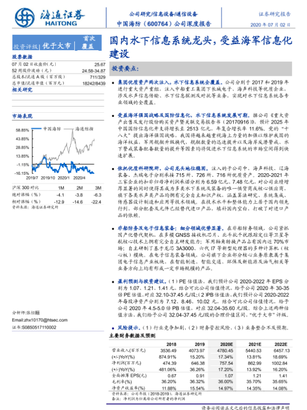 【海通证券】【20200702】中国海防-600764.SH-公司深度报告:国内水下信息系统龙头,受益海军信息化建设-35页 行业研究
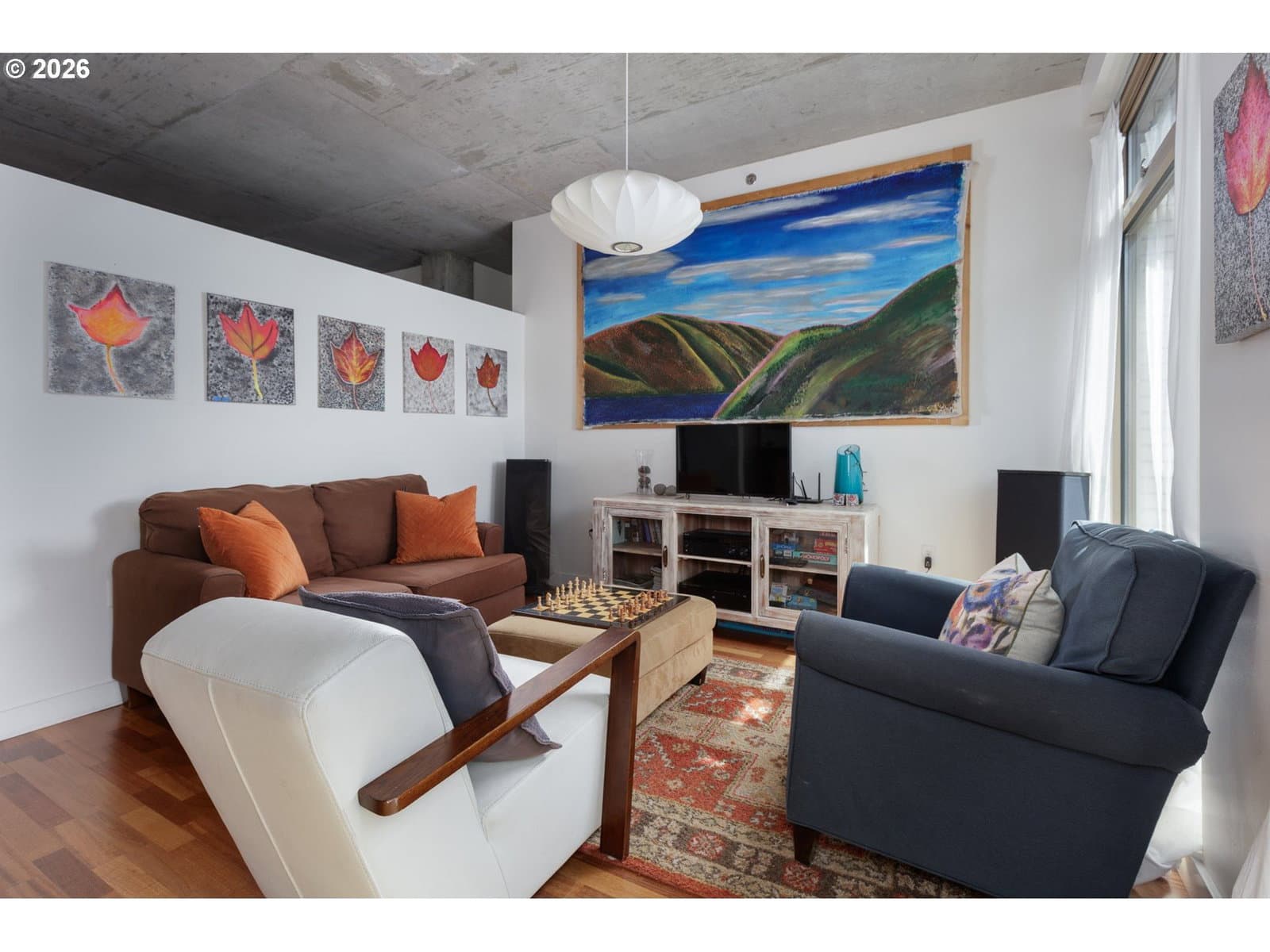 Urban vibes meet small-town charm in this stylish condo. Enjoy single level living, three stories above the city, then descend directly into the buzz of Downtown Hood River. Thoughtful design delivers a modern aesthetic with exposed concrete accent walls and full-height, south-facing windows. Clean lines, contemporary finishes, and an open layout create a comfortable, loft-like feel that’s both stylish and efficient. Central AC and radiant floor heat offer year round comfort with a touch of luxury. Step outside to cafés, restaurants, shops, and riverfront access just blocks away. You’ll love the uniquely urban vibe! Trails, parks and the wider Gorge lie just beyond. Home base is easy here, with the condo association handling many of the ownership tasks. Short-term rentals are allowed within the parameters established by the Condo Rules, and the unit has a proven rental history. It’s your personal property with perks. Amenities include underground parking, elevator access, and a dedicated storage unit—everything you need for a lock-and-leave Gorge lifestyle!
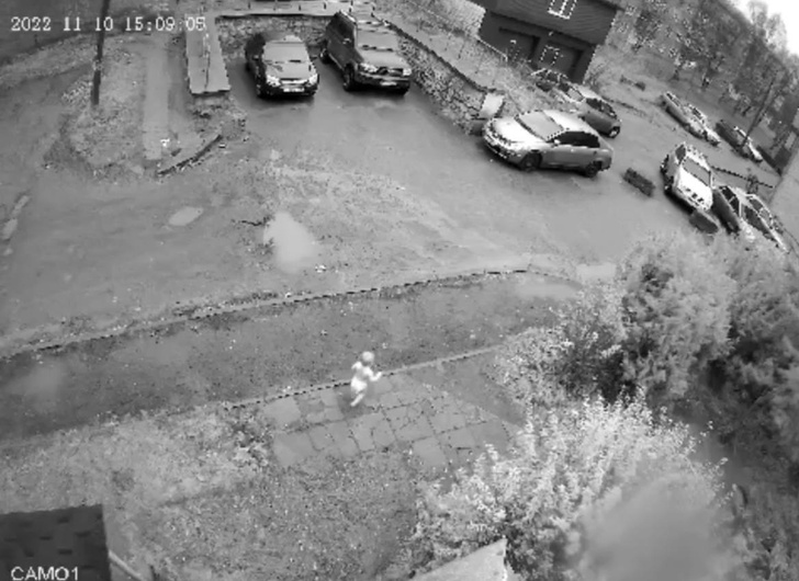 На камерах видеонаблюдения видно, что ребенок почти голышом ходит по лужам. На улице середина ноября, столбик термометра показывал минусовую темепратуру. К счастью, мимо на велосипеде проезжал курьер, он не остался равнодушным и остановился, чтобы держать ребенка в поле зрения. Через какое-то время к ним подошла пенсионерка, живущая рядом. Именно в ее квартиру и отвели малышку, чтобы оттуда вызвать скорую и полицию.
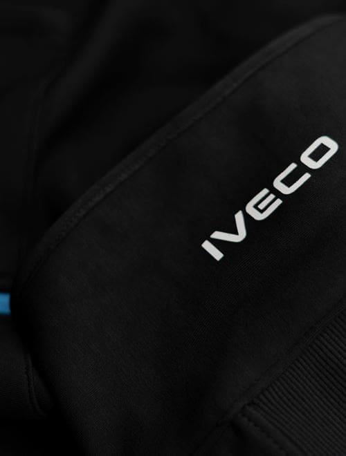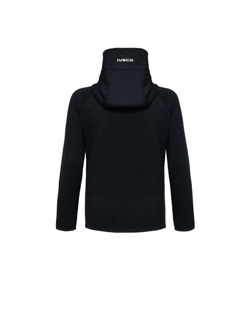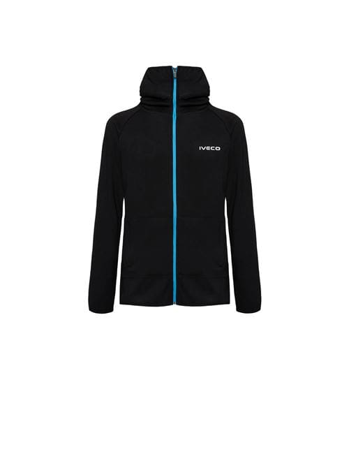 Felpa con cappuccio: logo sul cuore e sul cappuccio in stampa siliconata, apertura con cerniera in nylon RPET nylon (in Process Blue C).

EXERCISE INSTRUCTIONS
Reproduce the data word for word, excluding its pictures.

RESPONSE TO THE TASK
 【海通证券】【20200702】中国海防-600764.SH-公司深度报告:国内水下信息系统龙头,受益海军信息化建设-35页 行业研究
 Urban vibes meet small-town charm in this stylish condo. Enjoy single level living, three stories above the city, then descend directly into the buzz of Downtown Hood River. Thoughtful design delivers a modern aesthetic with exposed concrete accent walls and full-height, south-facing windows. Clean lines, contemporary finishes, and an open layout create a comfortable, loft-like feel that’s both stylish and efficient. Central AC and radiant floor heat offer year round comfort with a touch of luxury. Step outside to cafés, restaurants, shops, and riverfront access just blocks away. You’ll love the uniquely urban vibe! Trails, parks and the wider Gorge lie just beyond. Home base is easy here, with the condo association handling many of the ownership tasks. Short-term rentals are allowed within the parameters established by the Condo Rules, and the unit has a proven rental history. It’s your personal property with perks. Amenities include underground parking, elevator access, and a dedicated storage unit—everything you need for a lock-and-leave Gorge lifestyle!
 На камерах видеонаблюдения видно, что ребенок почти голышом ходит по лужам. На улице середина ноября, столбик термометра показывал минусовую темепратуру. К счастью, мимо на велосипеде проезжал курьер, он не остался равнодушным и остановился, чтобы держать ребенка в поле зрения. Через какое-то время к ним подошла пенсионерка, живущая рядом. Именно в ее квартиру и отвели малышку, чтобы оттуда вызвать скорую и полицию.
 Felpa con cappuccio: logo sul cuore e sul cappuccio in stampa siliconata, apertura con cerniera in nylon RPET nylon (in Process Blue C).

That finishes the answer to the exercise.